Lockheed Martin Corp. said yesterday it would buy Sikorsky Aircraft, the helicopter unit of United Technologies Corp., for $9 billion, and would review the possible sale or spinoff of $6 billion in other information technology and services businesses.

The Pentagon’s largest supplier said the net cost of the Sikorsky deal was around $7.1 billion, taking into account tax benefits resulting from the transaction.

Lockheed also reported higher earnings and revenue for the second quarter.

The deal cements Lockheed’s dominance in weapons making and opens key new foreign markets for the company, which dwarves its nearest competitors, the defence business of Boeing Co. and Northrop Grumman Corp.

“Sikorsky is a natural fit for Lockheed Martin and complements our broad portfolio of world-class aerospace and defence products and technologies,” Lockheed chief executive Marillyn Hewson said in a statement.
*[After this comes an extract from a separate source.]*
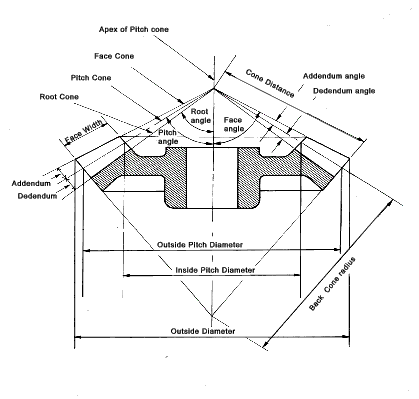 Specifications BS 545:1982..Specification for bevel gears (machine cut)..(Obsolescent) Straight bevel gears These are gears cut from conical blanks and connect intersecting shaft axes. The connecting shafts are generally at 90o and sometimes one shaft drives a bevel gear which is mounted on a through shaft resulting in two output shafts. The point of intersection of the shafts is called the apex and the teeth of the two gears converge at the apex. The design of bevel gears results in thrust forces away from the apex. With the bearing limitations the gears have to be carefully designed to ensure that they are not thrown out of alignment as they are loaded. Straight Bevel Gear Terminology

Lockheed, which makes F-35 fighter jets, naval ships and high-end government satellites, said the purchase would have no impact on its commitment to return cash to shareholders through dividends and to reduce outstanding share count to below 300 million shares by the end of 2017.

It said it repurchased 4.9 million shares for $937 million in the quarter, up from 0.8 million shares for $124 million in the year earlier period.

Lockheed said it would align Sikorsky under its mission systems and training business, which had already worked closely with Sikorsky on several helicopter programs.

The company expects to close the transaction by late in the fourth quarter of this year, or early in 2016, depending on regulatory approvals.

It said it would complete a strategic review of its government IT infrastructure services business and the technical services business within its missiles and fire control segment by the end of the year, units with about 17,000 employees.

The company will retain services businesses focussed on defence and intelligence customers.

UTC said proceeds from the sale of its helicopter unit would fund more share buybacks to offset the earnings impact from the departure of Sikorsky. Its board authorised a share buyback of up to 75 million shares, which would be worth about $8.3 billion based on Friday’s closing price, the company said.

“Exiting the helicopter business will allow UTC to better focus on providing high-technology systems and services to the aerospace and building industries and to deliver improved and sustained value to our customers and shareowners,” UTC chief executive Greg Hayes said in a statement.